Ellen Sheehy's wedding gift from her father was a wardrobe - an elaborate and large piece of furniture built with pegs, no nails standing about 6 1/2 feet all and about 6 feet wide.

The wardrobe was in Oregon where the Effinger family decided it needed to come home to Sutton,

Lee and her sister Gay Joyce from Irvine, California delivered the wardrobe to the Sutton Museum on Friday, May 8th, some assembly required.

This is the Sheehy-Sheridan wardrobe as it stood in Oregon, not the way it looks as I write this.
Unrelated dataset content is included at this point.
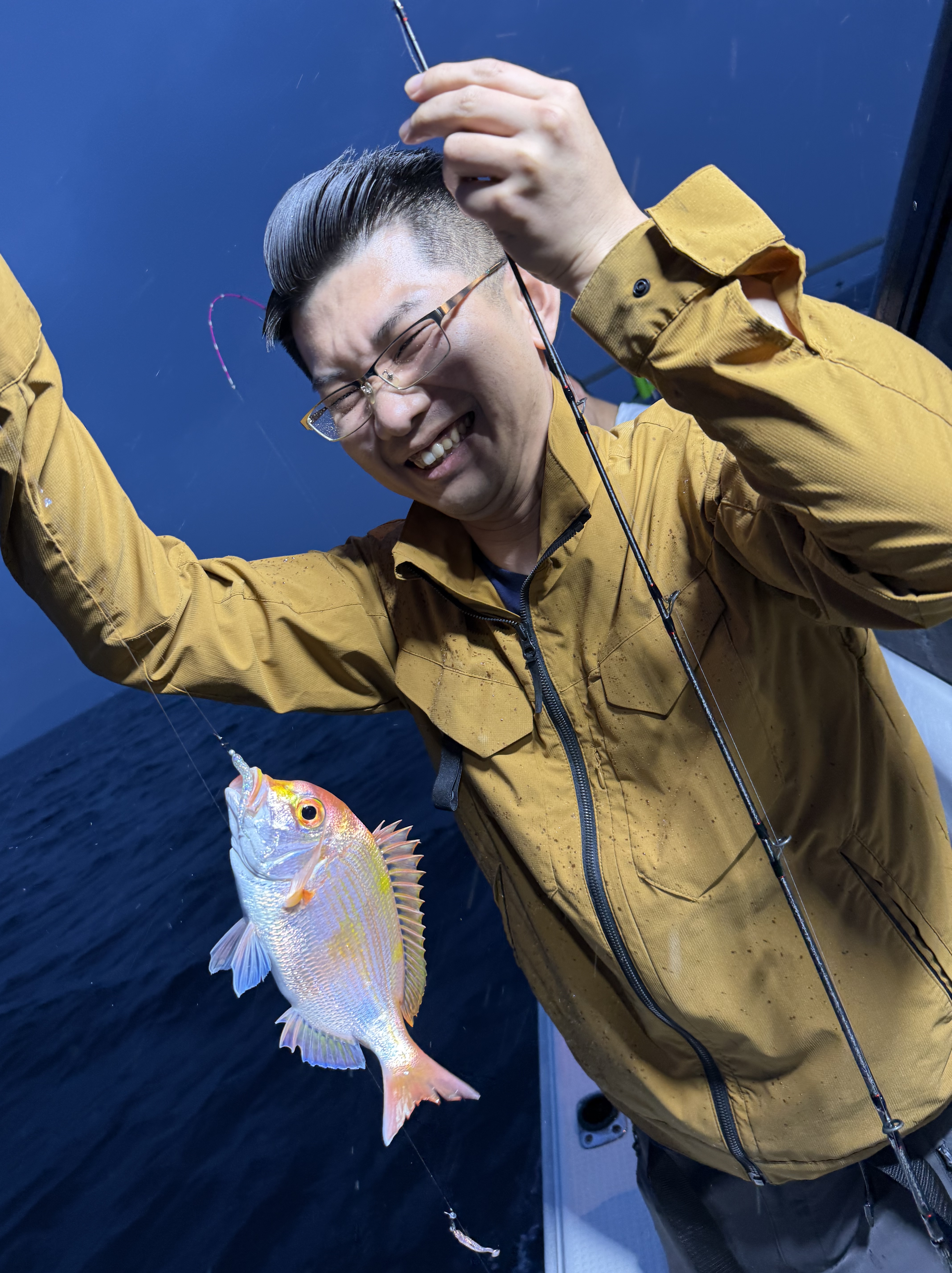しっかり情報通りの急潮で潮の緩そうなポイントを探しまわり、アンカリング!

The wardrobe will go into the small room previously outfitted as a children's room in the Historic House of the Sutton Museum. The assembly project remains but we'd like to admire it a bit before putting it together.

The back story:

This description of the wardrobe appears on page 85 of the book, "Along the County Line" compiled by Anne
and Nellie Sheridan and written by Rita Joyce Haviland and Jeanette Joyce Motichka.

Let's take a look at the pieces:

The Pieces: The top of the wardrobe is on the left; the next two pieces are the sides and the flat piece on the right is the internal divider; the base is against the far wall. 

This is one of the side pieces. Notice the shelf adjustment notches.

The sack contains the pegs. There are no nails in this construction.
That is one of the doors leaning against the wall plus other interior pieces.
The top of the wardrobe.

I have some technical questions about the wardrobe. Consider that this was built in 1879 on a farm in Illinois, not quite on the edge of the frontier that Nebraska was at the time, but still, not in a center of civilization. Did Mr. Sheehy have blueprints for the piece or did he design this himself? Where would blueprints have come from? Were there lots of such pieces built at the time. Is this a common antique item? Does it crop up on Antique Roadshow often?

Or is this a "one-off" that sprang from the imagination of Mr. John Sheehy, 19th century Illinois farmer?

The second item delivered to the museum is this electrified coal oil lamp.
And for an added bonus assembly project we have a hand-painted coal oil lamp that was converted to electricity. 'Tis a cool looking item.

Pretty exciting days here at the Sutton Museum.